A proposal pending before the Postal Regulatory Commission would authorize the U.S. Postal Service to dramatically increase prices on consumers, while the agency’s long-standing financial mismanagement is largely ignored.
In recent years, the Postal Service’s already precarious financial situation has worsened. In the last decade, the agency has reported more than $65 billion in losses while consistently missing quality targets. In 2017 alone, its deficits totaled $2.7 billion.
In response to these soaring deficits, the Postal Regulatory Commission, which has oversight authority over the Postal Service, is considering a plan to substantially increase postal rates over the next five years.
Yet the commission’s proposed remedy fails to address the agency’s fundamental challenges; it merely injects more money into a dysfunctional system. Before the commission contemplates increasing rates, it should demand accountability for the policies that have contributed to the Postal Service’s current predicament.
Ever since its founding, the Postal Service’s foremost responsibility has been to deliver letter mail to every residential and business address in the country. To help fulfill this universal service obligation, Congress has granted the Postal Service a monopoly over letter mail. These market dominant services are generally profitable; a recent report estimated that they generate $2.16 in revenue for every dollar in attributable costs.
The Postal Service also offers a range of services that face private market competition. These competitive services include issuing money orders, delivering food, and shipping packages.
There is troubling evidence that the Postal Service may be shifting the revenues and profits from market dominant services to competitive services, as well as shifting the costs and risk from competitive services to market dominant services.
These competitive services account for about 30 percent of the Postal Service’s revenue, but federal law only requires them to cover 5.5 percent of the agency’s fixed and institutional costs — expenses like delivery infrastructure, administrative support, and building maintenance, none of which can be attributed to a particular product or service. As a result, market dominant services contribute far more to these overhead costs. This divergence is so severe that market dominant services pay 58 cents per dollar of revenue toward fixed and institutional costs, while competitive services pay only 8 cents per dollar of revenue.
In other words, it appears that the profitability of market dominant services is being used to prop up non-essential competitive services that otherwise would not be financially sustainable. But that is exactly backward. If the Postal Service is to offer competitive services, those services should improve the Postal Service’s ability to carry out its core mission of delivering letter mail, not undermine its financial stability.

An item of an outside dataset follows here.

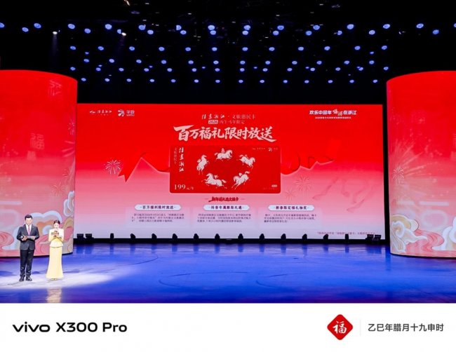 此次开幕式得到多方力量鼎力支持:vivo 深度参与文旅推广,不仅推出 “一起出发趣浙江” 夏日毕业季活动,更联动长三角高校的校园大使共建 “诗画浙江” 校园推广矩阵,同时将在手机中系统级推送 “诗画浙江” 新春壁纸;京东物流、杭州肯德基有限公司、万达广场、飞猪、携程等知名企业全程助力,宁波银行、交通银行、建设银行、浙商银行等多家银行同步提供优惠折扣福利。此外,开幕式还官宣了商圈、赛事、住宿、餐饮、景区等多领域惠民举措,配套发放多种消费券,并发布详细的文化旅游打卡指南,全方位激活浙江新春文旅消费活力。

To allow competitive services to freeload off of the profitability of market dominant services is irresponsible and unnecessary. If the Postal Service dropped its competitive services tomorrow, consumers would still have numerous options to purchase these services from rivals. UPS, FedEx, and DHL would still ship packages; Giant’s Peapod, Instacart, and Fresh Direct would still deliver food; and existing financial institutions would still provide money orders.
The Postal Service’s pattern of mismanagement must not be allowed to continue. Raising rates on consumers to preserve the short-term solvency of the Postal Service while ignoring fundamental problems in the agency’s cost structure is not a solution.
The American public deserves transparency and accountability from its government agencies, especially one as crucial as the Postal Service.
Liam Sigaud writes for the American Consumer Institute, a nonprofit educational and research organization.